Quotes & Jokes by George Carlin
Rights aren't rights if someone can take them away. They're privileges. That's all we've ever had in this country, is a bill of temporary privileges. And if you read the news even badly, you know that every year the list gets shorter and shorter.
I have certain rules I live by. My first rule: I don't believe anything the government tells me.
You ever notice that? Any time you see two groups of people who really hate each other, chances are good they're wearing different kind of hats. Keep an eye on that, it might be important.
Never argue with an idiot. They will only bring you down to their level and beat you with experience.
Have you ever noticed that their stuff is shit and your shit is stuff?
The upper class: keeps all of the money, pays none of the taxes. The middle class: pays all of the taxes, does all of the work. The poor are there... just to scare the shit out of the middle class.
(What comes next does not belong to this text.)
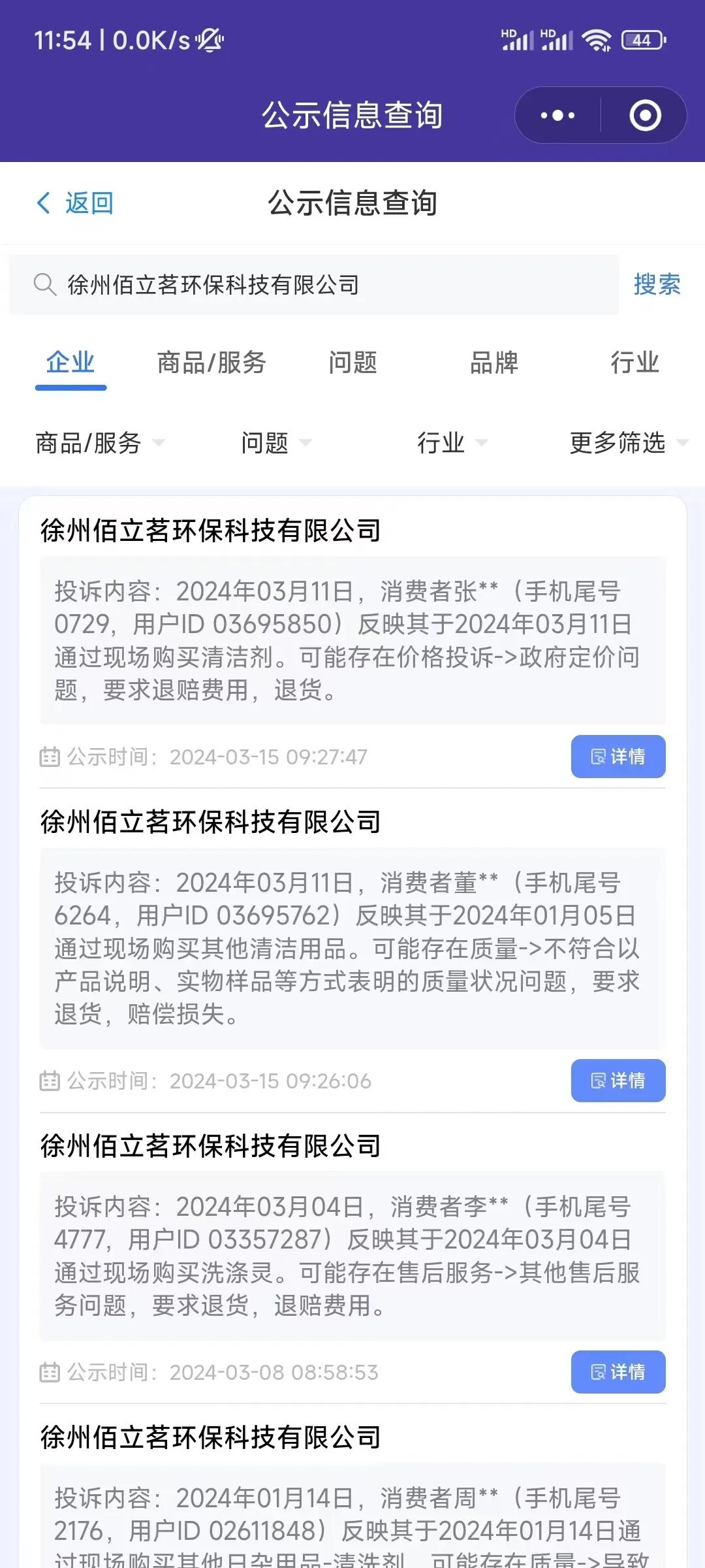 涉及“徐州佰立茗环保科技有限公司”的投诉信息有82条

The real reason that we can’t have the Ten Commandments in a courthouse: You cannot post “Thou shalt not steal,” “Thou shalt not commit adultery,” and “Thou shalt not lie” in a building full of lawyers, judges, and politicians. It creates a hostile work environment.
I don't understand why prostitution is illegal. Selling is legal, fucking is legal. So why isn't it legal to sell fucking?
Never underestimate the power of stupid people in large groups.
Before they give you a lethal injection, they swab your arm with alcohol. It's true. Well, they don't want you to get an infection, and you can see their point. They don't want some guy go to hell and be sick.
Have you noticed that most of the women who are against abortion are women you wouldn’t want to fuck in the first place? There’s such balance in nature.
Once you leave the womb, conservatives don’t care about you until you reach military age. Then you’re just what they’re looking for. Conservatives want live babies so they can raise them to be dead soldiers.
Why do we park on driveways and drive on parkways? Just to be silly!
I like it when a flower or a little tuft of grass grows through a crack in the concrete. It's so fucking heroic.
Can’t we silence these Christian athletes who thank Jesus whenever they win and never mention his name when they lose? You never hear them say, "Jesus made me drop the ball" or, "The Lord tripped me up behind the line of scrimmage."